**Your instructions**
Reproduce what is written in the records below exactly, and leave out the images.

= = = = = = =

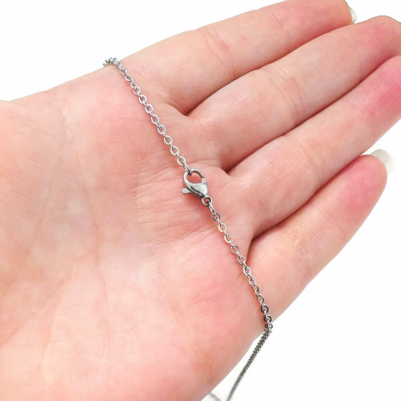 5 necklaces strands, made from a fine 2mm flat link cable chain with soldered links, ready for attaching charms and pendants and available in three different lengths (each length sold separately in lots of 5).
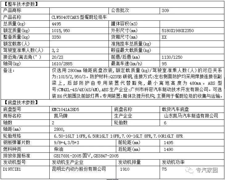 凱馬3方餐廚垃圾車整車尺寸5180×1980×2350 ,容積:2.5~3m3,總質量:4495Kg,額定質量:1015,950kg,整備質量:3350kg,軸距:2800,輪胎規(guī)格:6.50R16
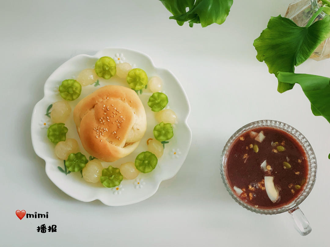 酸奶乳酪包 葡萄 龙眼 黑米红枣糊
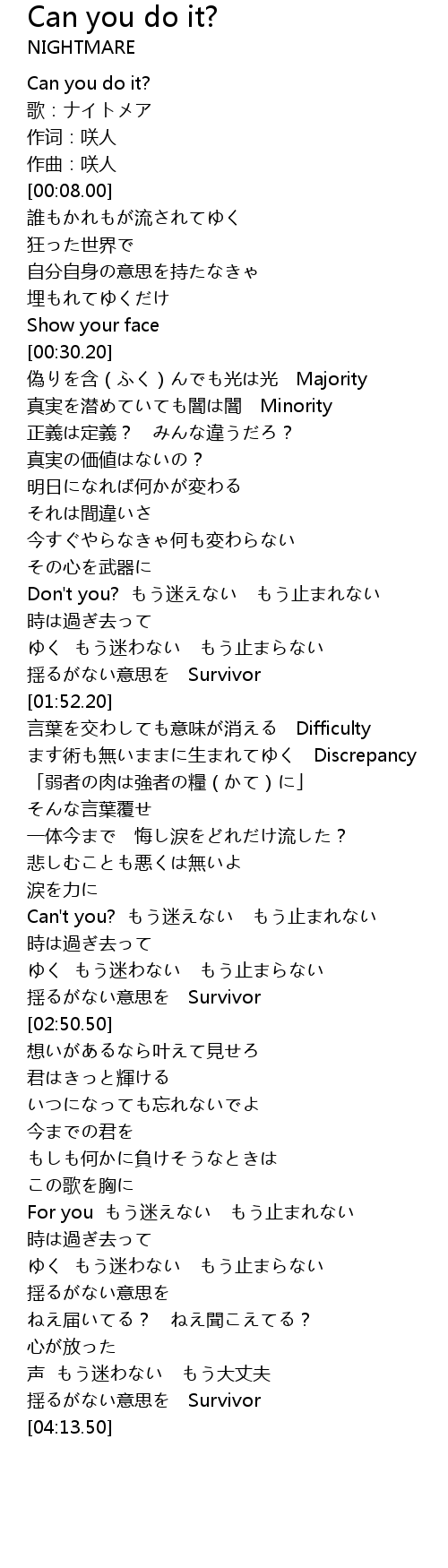 | [02:28.95] | Can't you? もう迷えない もう止まれない |
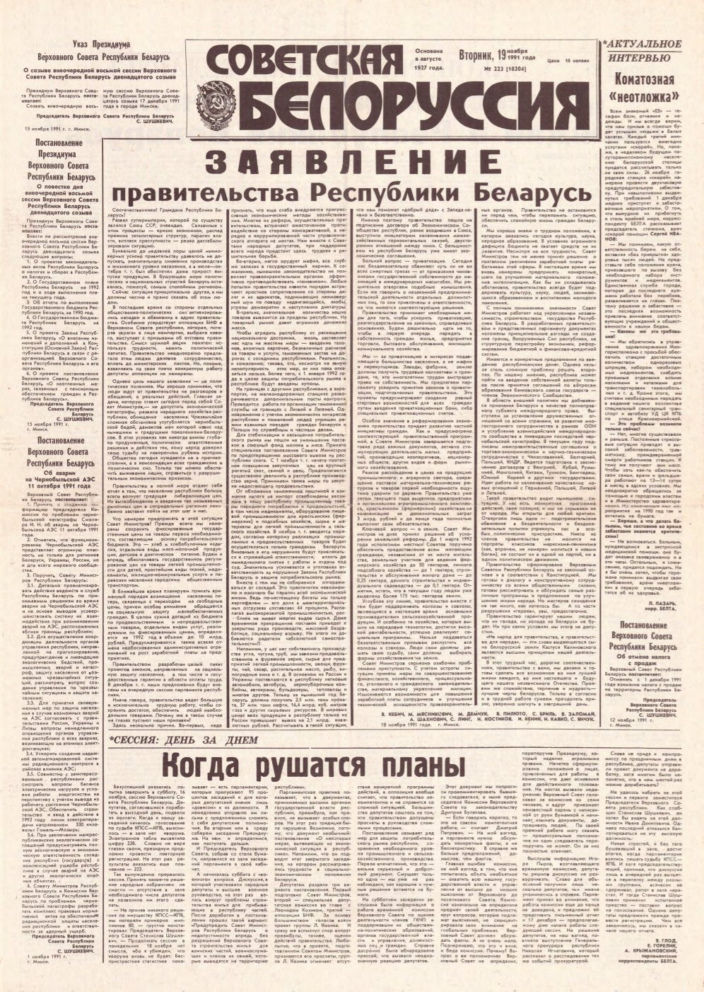 Советская Белоруссия, 223 (18304) 1991

= = = = = = =

**Your response**
 5 necklaces strands, made from a fine 2mm flat link cable chain with soldered links, ready for attaching charms and pendants and available in three different lengths (each length sold separately in lots of 5).
 凱馬3方餐廚垃圾車整車尺寸5180×1980×2350 ,容積:2.5~3m3,總質量:4495Kg,額定質量:1015,950kg,整備質量:3350kg,軸距:2800,輪胎規(guī)格:6.50R16
 酸奶乳酪包 葡萄 龙眼 黑米红枣糊
 | [02:28.95] | Can't you? もう迷えない もう止まれない |
 Советская Белоруссия, 223 (18304) 1991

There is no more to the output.